§ Exercise requirements
Restate word for word the lines of the material below, from the line with "ML-S31D-20 je 1.25G" to the line with "AmBealla Cosmetic Bag", both lines included, and no others.
Supplied material: Begin
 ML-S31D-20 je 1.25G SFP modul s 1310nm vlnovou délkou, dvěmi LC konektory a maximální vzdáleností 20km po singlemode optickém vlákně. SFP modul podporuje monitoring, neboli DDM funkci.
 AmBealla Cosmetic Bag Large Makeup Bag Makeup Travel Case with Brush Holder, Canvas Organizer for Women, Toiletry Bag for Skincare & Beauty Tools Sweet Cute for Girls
Supplied material: End
Supplied material: Begin
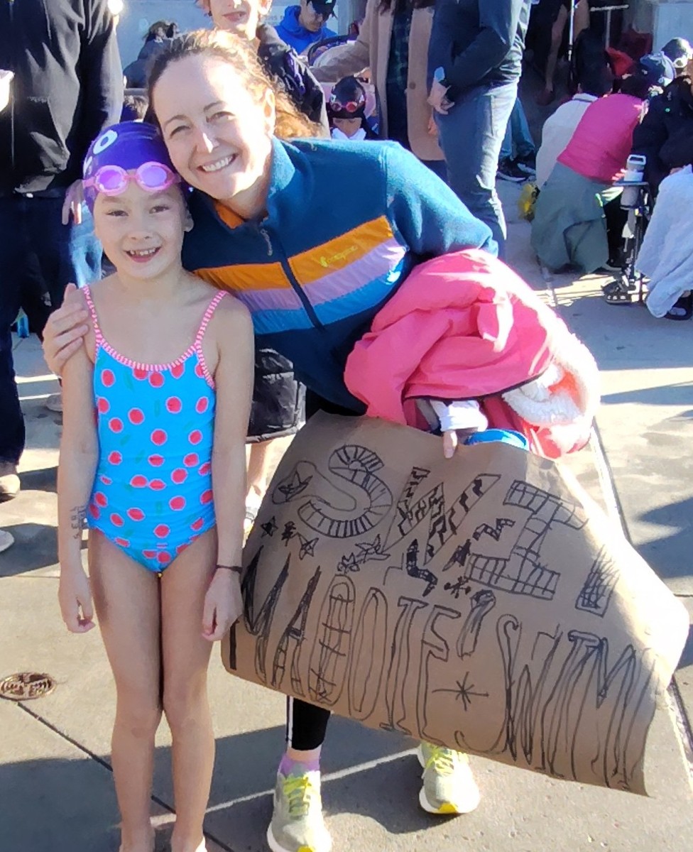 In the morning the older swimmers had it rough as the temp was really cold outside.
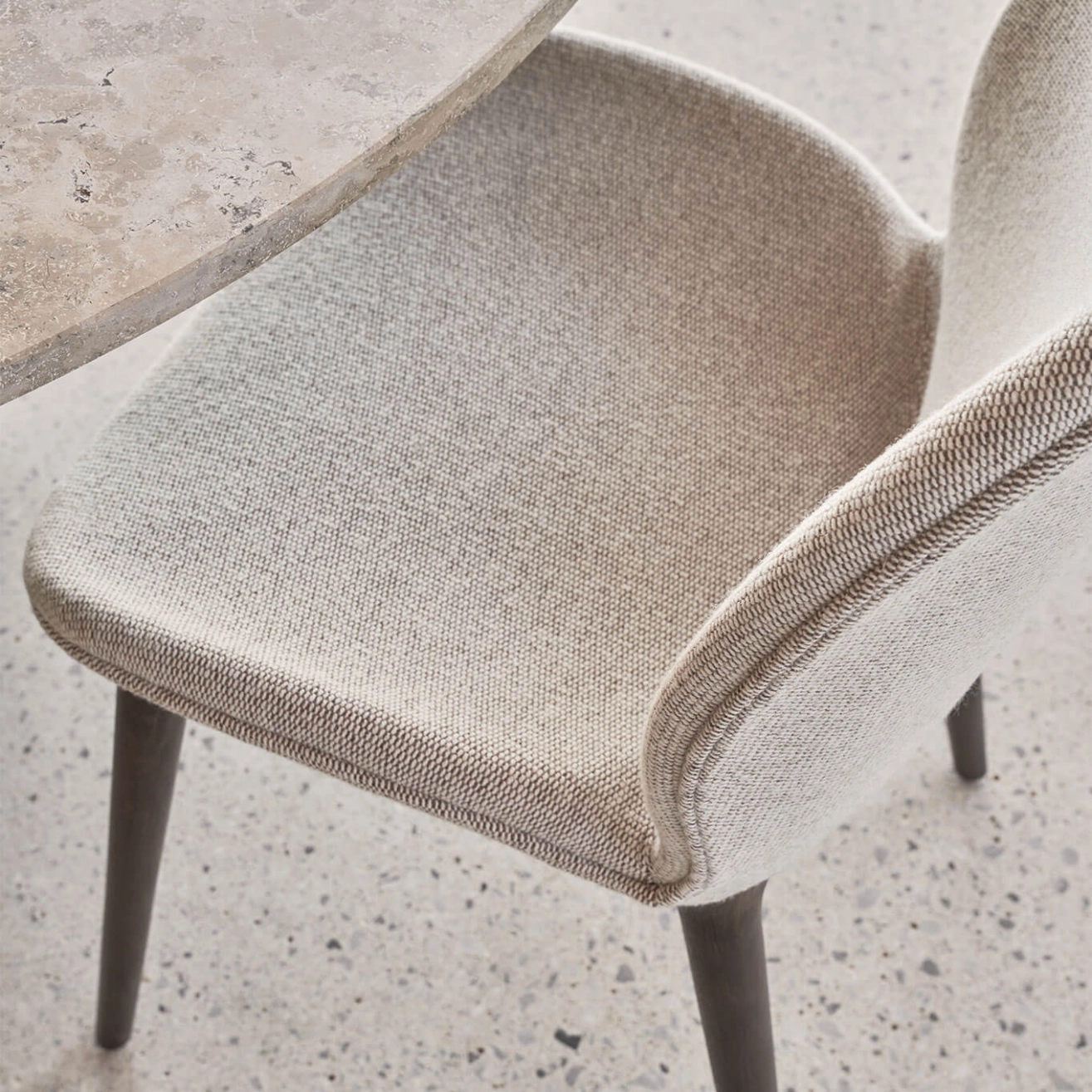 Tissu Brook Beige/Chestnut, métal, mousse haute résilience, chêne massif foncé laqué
Supplied material: End
§ Task output
 ML-S31D-20 je 1.25G SFP modul s 1310nm vlnovou délkou, dvěmi LC konektory a maximální vzdáleností 20km po singlemode optickém vlákně. SFP modul podporuje monitoring, neboli DDM funkci.
 AmBealla Cosmetic Bag Large Makeup Bag Makeup Travel Case with Brush Holder, Canvas Organizer for Women, Toiletry Bag for Skincare & Beauty Tools Sweet Cute for Girls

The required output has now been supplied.